The entries below are to be copied exactly, with every picture left out.
** Record extracts follows **
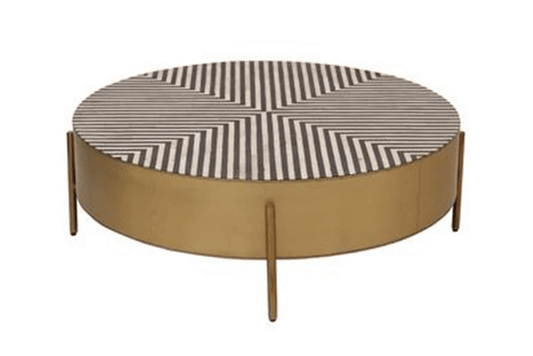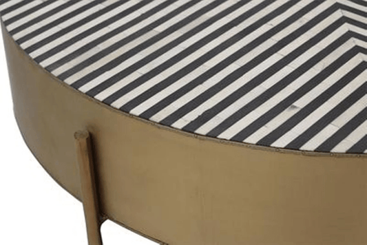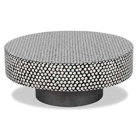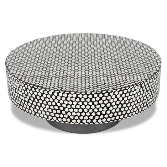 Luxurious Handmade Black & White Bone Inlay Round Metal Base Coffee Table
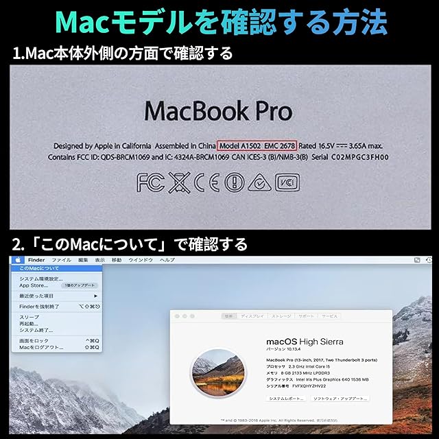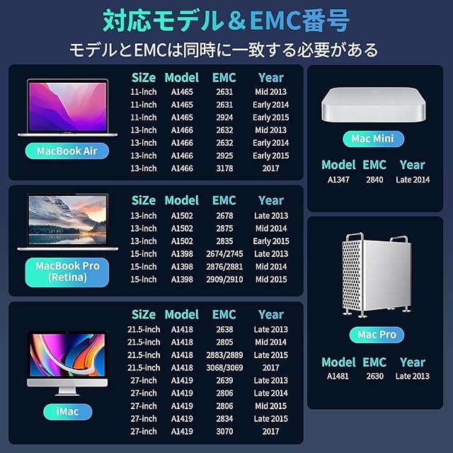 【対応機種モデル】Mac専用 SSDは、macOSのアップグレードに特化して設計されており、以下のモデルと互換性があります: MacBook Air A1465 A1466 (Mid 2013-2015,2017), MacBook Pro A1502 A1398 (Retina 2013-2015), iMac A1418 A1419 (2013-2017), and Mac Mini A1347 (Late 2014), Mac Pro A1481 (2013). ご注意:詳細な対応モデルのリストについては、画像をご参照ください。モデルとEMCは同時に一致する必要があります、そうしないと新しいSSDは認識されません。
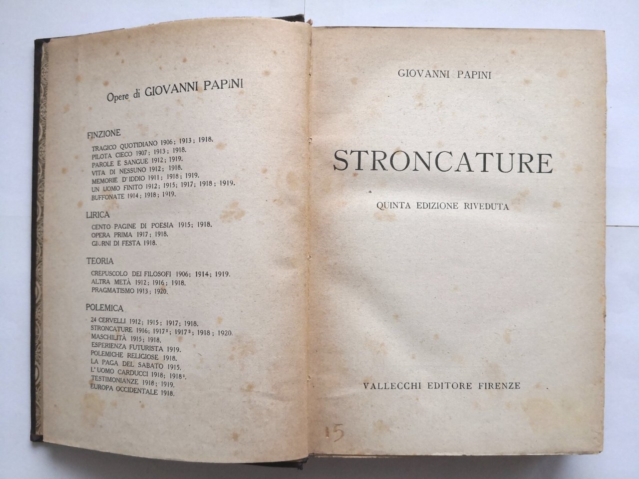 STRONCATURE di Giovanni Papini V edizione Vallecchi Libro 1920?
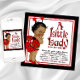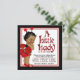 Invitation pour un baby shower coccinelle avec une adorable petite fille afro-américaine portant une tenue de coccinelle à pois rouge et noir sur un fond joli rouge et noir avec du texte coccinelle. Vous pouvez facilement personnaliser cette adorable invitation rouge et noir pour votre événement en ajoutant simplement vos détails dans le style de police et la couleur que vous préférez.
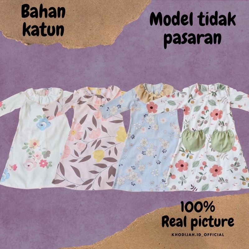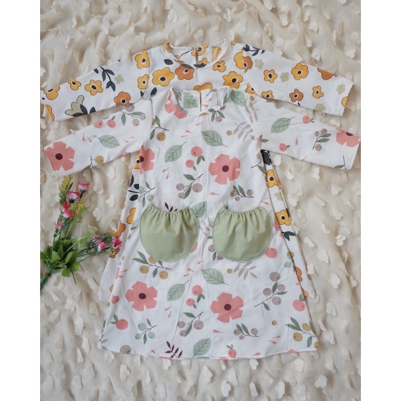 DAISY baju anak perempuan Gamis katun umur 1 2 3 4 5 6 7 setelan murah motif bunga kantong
** End of Record extracts **
Task answer
 Luxurious Handmade Black & White Bone Inlay Round Metal Base Coffee Table
 【対応機種モデル】Mac専用 SSDは、macOSのアップグレードに特化して設計されており、以下のモデルと互換性があります: MacBook Air A1465 A1466 (Mid 2013-2015,2017), MacBook Pro A1502 A1398 (Retina 2013-2015), iMac A1418 A1419 (2013-2017), and Mac Mini A1347 (Late 2014), Mac Pro A1481 (2013). ご注意:詳細な対応モデルのリストについては、画像をご参照ください。モデルとEMCは同時に一致する必要があります、そうしないと新しいSSDは認識されません。
 STRONCATURE di Giovanni Papini V edizione Vallecchi Libro 1920?
 Invitation pour un baby shower coccinelle avec une adorable petite fille afro-américaine portant une tenue de coccinelle à pois rouge et noir sur un fond joli rouge et noir avec du texte coccinelle. Vous pouvez facilement personnaliser cette adorable invitation rouge et noir pour votre événement en ajoutant simplement vos détails dans le style de police et la couleur que vous préférez.
 DAISY baju anak perempuan Gamis katun umur 1 2 3 4 5 6 7 setelan murah motif bunga kantong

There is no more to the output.